WHAT IS REQUIRED: Pictures found in the material must be left out, and every line returned as written.

INFORMATION PROVIDED:
+===+
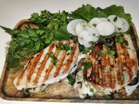 - Внутрь каждого кармашка добавить обжаренные грибы с луком, порезанную на четвертинки моцареллу и свежую зелень. Закрыть кармашек другой половиной филе.
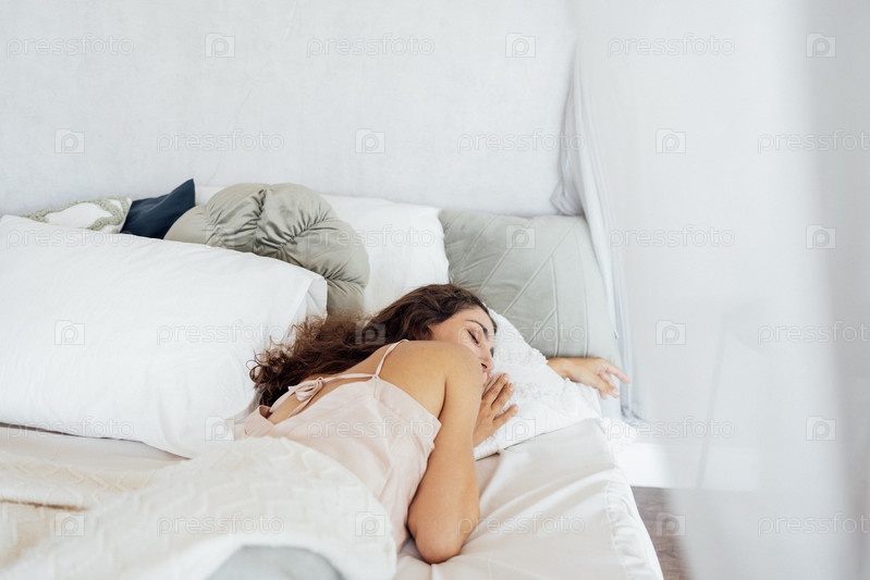 Привлекательная счастливая молодая женщина лежит в постели с закрытыми глазами
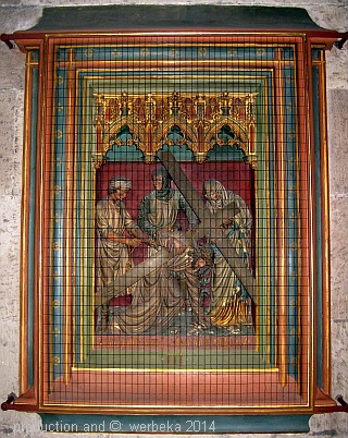 Persönlich haben mich die vielen Altäre angesprochen - jeder einzelne davon ein herausragendes Kunstwerk. Im nördlichen Seitenschiff finden wir den Klarenaltar aus dem 14. Jahrhundert. Auf den Außenseiten der Flügel sieht man zwölf Heilige - aber wichtiger ist wohl, dass dies die ältesten erhaltenen Leinwandgemälde sind! Der geöffnete Altar (im Bild links) zeigt vierundzwanzig Szenen aus dem Leben Jesu.
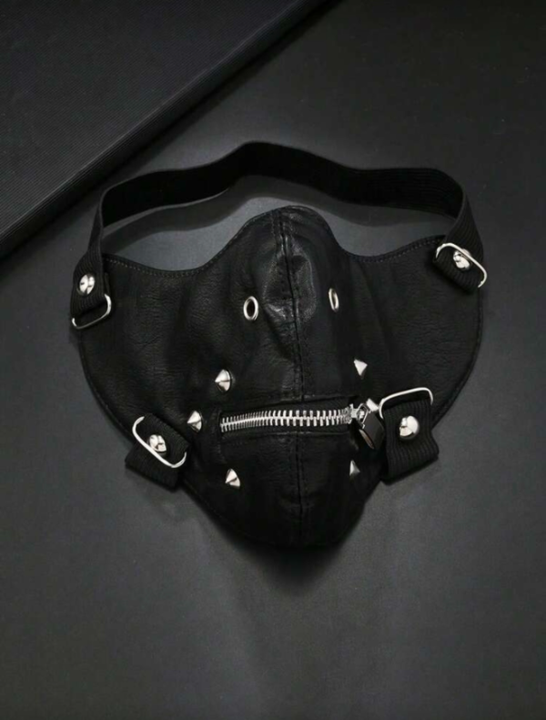 Su diseño cubre gran parte del rostro y se ajusta mediante bandas elásticas laterales, permitiendo una sujeción cómoda y firme. Los detalles metálicos y el acabado oscuro le dan un estilo punk, fetish y urbano, perfecto para quienes buscan un accesorio diferente, provocador y visualmente fuerte. ✨
+===+
ANSWER FOR THIS EXERCISE:
 - Внутрь каждого кармашка добавить обжаренные грибы с луком, порезанную на четвертинки моцареллу и свежую зелень. Закрыть кармашек другой половиной филе.
 Привлекательная счастливая молодая женщина лежит в постели с закрытыми глазами
 Persönlich haben mich die vielen Altäre angesprochen - jeder einzelne davon ein herausragendes Kunstwerk. Im nördlichen Seitenschiff finden wir den Klarenaltar aus dem 14. Jahrhundert. Auf den Außenseiten der Flügel sieht man zwölf Heilige - aber wichtiger ist wohl, dass dies die ältesten erhaltenen Leinwandgemälde sind! Der geöffnete Altar (im Bild links) zeigt vierundzwanzig Szenen aus dem Leben Jesu.
 Su diseño cubre gran parte del rostro y se ajusta mediante bandas elásticas laterales, permitiendo una sujeción cómoda y firme. Los detalles metálicos y el acabado oscuro le dan un estilo punk, fetish y urbano, perfecto para quienes buscan un accesorio diferente, provocador y visualmente fuerte. ✨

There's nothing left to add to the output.